Caviar Tales (or Sturgeon Tails?) Part 2
Last week we explored what makes caviar such a sought-after luxury. A recap of the two most important things learned from our primer is simple: First, caviar is unfertilized eggs—also called roe—which are harvested, then salt-cured. Second, only sturgeon roe, either farmed raised or caught in the wild, can be called “caviar.” Done. Now on to the next part of service and tasting. But first, let’s get in the mood with some Caviar stories from two TarteTatinTale subscribers.
Unexpected surprises, a caviar “bump” and a merry band of Bros
My Italian class buddy, Joan Ross, shares the same passion for caviar as I do. She likes to tell this story about a recent expedition to Marky’s, a New York caviar retail shop with a shoebox-sized restaurant hidden in the back called Huso.
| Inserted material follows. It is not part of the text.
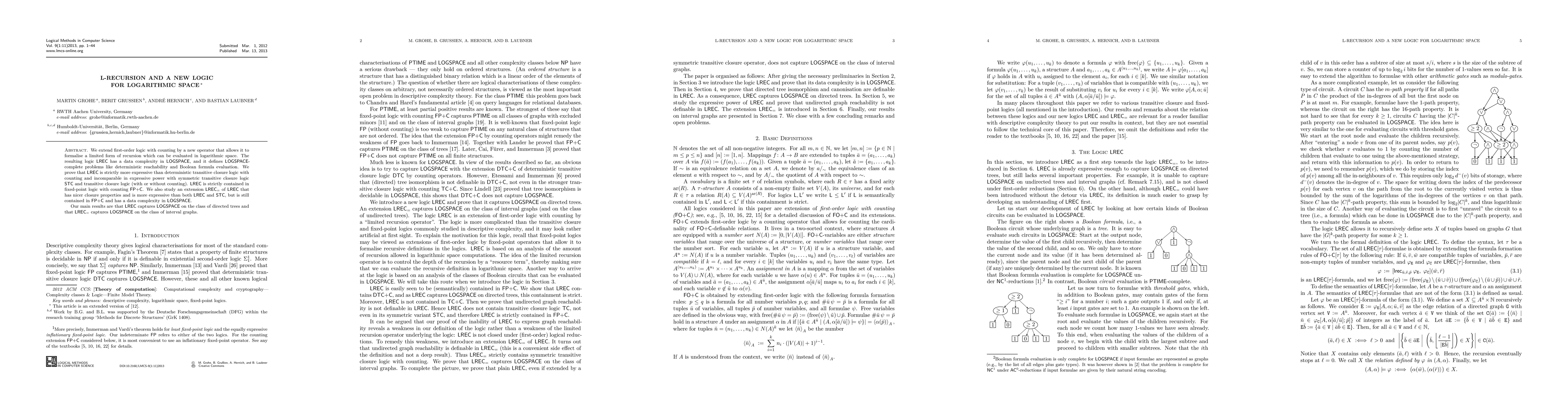 This research introduces LREC, a new logic extending first-order logic with counting, enabling logarithmic space recursion. LREC captures LOGSPACE on directed trees and is more expressive than deterministic transitive closure logic with counting, but less than fixed-point logic with counting. An extension LREC= is also proposed, capturing LOGSPACE on interval graphs with enhanced closure properties.

“Marky's recently celebrated its second anniversary by offering a free caviar "bump" to all who stopped by at its uptown Madison Avenue location. For those unfamiliar with the practice, a "bump" is a teaspoon-size dollop of caviar placed on the back of one's fist to be licked off. Marsha and I met there and easily decided to enhance the occasion with lunch, which is quickly becoming a ritual.
Bros enjoy caviar too
“This day, however, we were rewarded with an unexpected treat: A cool dude (more about him later) pulled up in a $240,000 gleaming turquoise McLaren and swaggered into the shop. In one hand he casually held a crystal decanter of Louis XIII cognac and in the other a foot-long pipette.
First, he first high fived four young ‘bros’ anxiously awaiting his arrival. Then, he dipped his pipette into the cognac bottle and proceeded to share this shockingly expensive elixir with them, but sadly not with us. His posse of overly grateful acolytes was decked out in the requisite ill-fitting jeans, hoodies, flat-brimmed baseball caps, and non-athletic athletic sneakers.
“Huddled around the store’s counter (as if bellying up to the bar) the group sipped their expensive cognac, while chowing down on the fried chicken and caviar, Huso’s anniversary special-of-the-day. Then, the bros attacked a magnum of Champagne. Marsha and I stuck with our favorite dish on the luncheon menu - the Huso Dog - a colorful creation of crab, avocado, mayo and Beluga di Venezia Caviar served in a brioche bun. Sublime even without the cognac.
“Back to the dude: nothing to look at, swaddled in a baggy sweatsuit covered with labels. While his look-at-me attitude was not loud, it was unquestionably over-bearing. The caviar, cognac and car were impressive - the dude not so much. Just another memorable afternoon of unexpected happenings in the Big Apple.”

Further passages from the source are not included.